State Senator Dean Florez (Blowhard) – Bakersfield, actually proposed that the State’s retirement system, CALPERS, "invest" in the State’s debt, in a letter to State Treasurer Bill Lockyer (D). Lockyer, whose been hiding from the media during the State’s budget crisis, had no immediate comment, but he had to be thinking: "why would CALPERS jump on the Titanic when she’s already halfway down?
Florez, who’s mom is running for Assembly against Republican Danny Gilmore, reputedly was an "investment banker" in Shafter for about 30 seconds before he decided to become a lifetime politician. Given the intellectual validity of his proposal, which is uh, zero, its not hard to see why he chose politics. Its the easiest way to "invest" everyone else’s money.
The fact is, there isn’t a market for California’s paper (for those of you in Sacramento, that mean "debt") because California has been run into the ground by Gray Davis and Arnold Schwarzenegger, with a cast of willing Democrats in the Legislature pushing higher spending the entire way. Oh sure, there were a smattering or GOP votes for these budgets, but they’ve all been defeated or on their way to being defeated now.
And as for the voters. They are no better. They continually authorize bonds that nobody will buy – over $50 billion worth – because California can’t make the payments from its general fund. And next month, guess what?! More bonds! And hey, let’s keep re-electing the geniuses that have bankrupted us! We’re so smart, you know.
With investor liquidity all but evaporated over the past three weeks, worldwide, there will be no market for California’s debt for some time, unless the interest rates are at confiscatory levels. Even so, I wouldn’t lend California any money for any interest rate. We are a mess and we have no executive leadership and no plan. Checkmate.

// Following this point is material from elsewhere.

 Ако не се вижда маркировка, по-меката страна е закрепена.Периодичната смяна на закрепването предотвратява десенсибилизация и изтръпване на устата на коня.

So Senator Florez, on the way to your next run at public office, you might want to go back to school and take a finance course or two. Or better yet, just remember, we have about $125 billion to spend so let’s not spend $145 billion. Okay?

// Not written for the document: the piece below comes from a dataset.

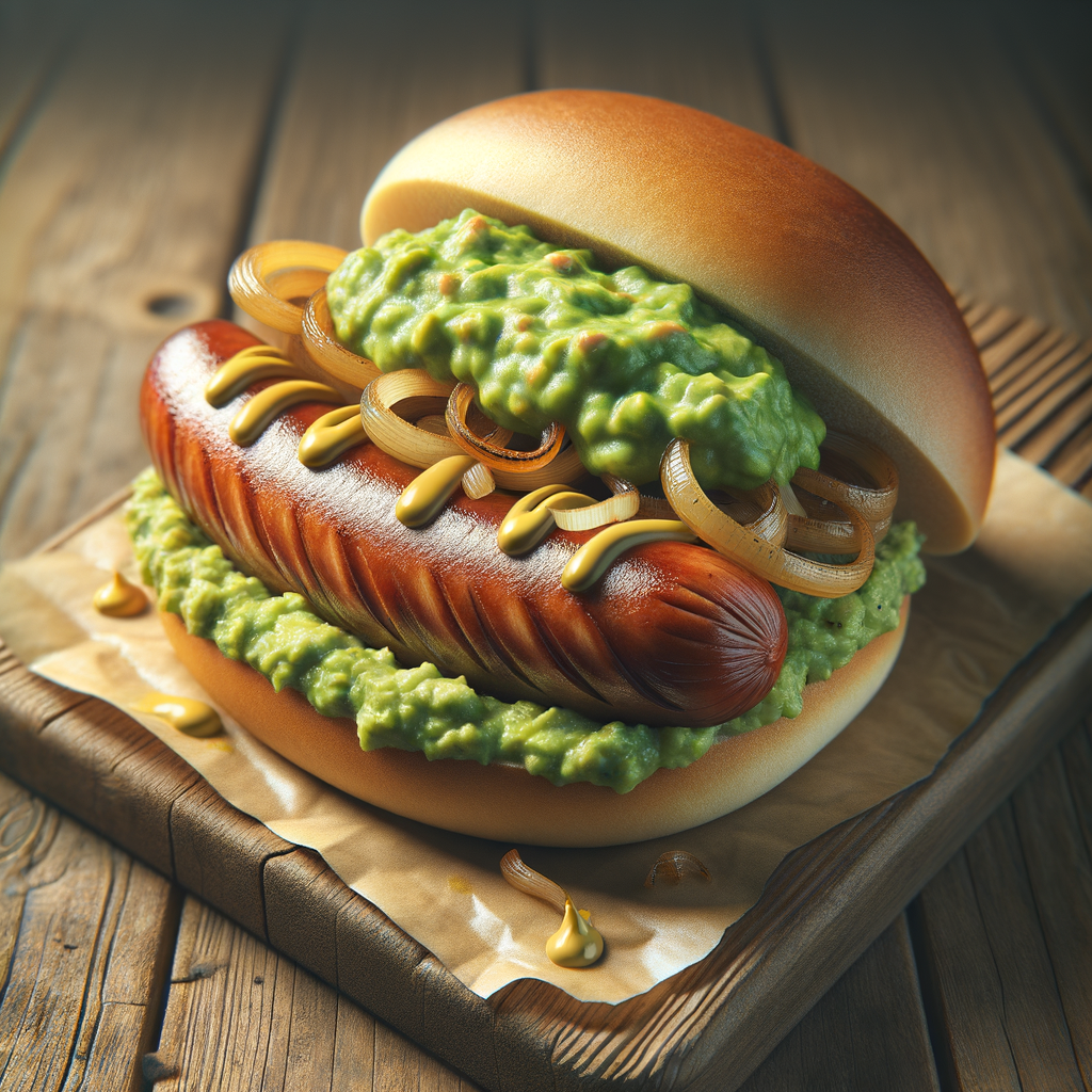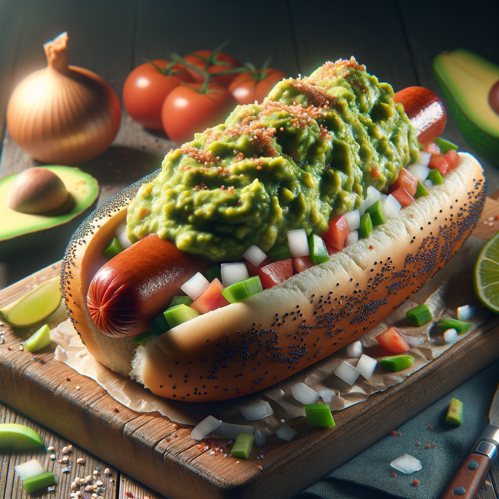 A twist on the classic Chicago-style hot dog, featuring a steamed poppy seed bun filled with an all-beef hot dog, topped with a generous spread of creamy guacamole, diced onions, tomatoes, and a sprinkle of celery salt.

October 8th, 2008 at 12:00 am
Wow. Brutal honesty. What a switch from typical political double-speak that we hear from candidates. Mike is right about the voters. I ran against Dean Florez in 2000 when the state had a one-time $12 billion dollar surplus, and Florez and the democrats squandered it and went on an endless borrowing and spending spree. And the voters ignored my warnings. Now, the chickens really have come home to roost.
Ken Kay
October 13th, 2008 at 12:00 am
CalPers would be the perfect agent to invest in California debt…. let the employee unions fund the fiasco that they created.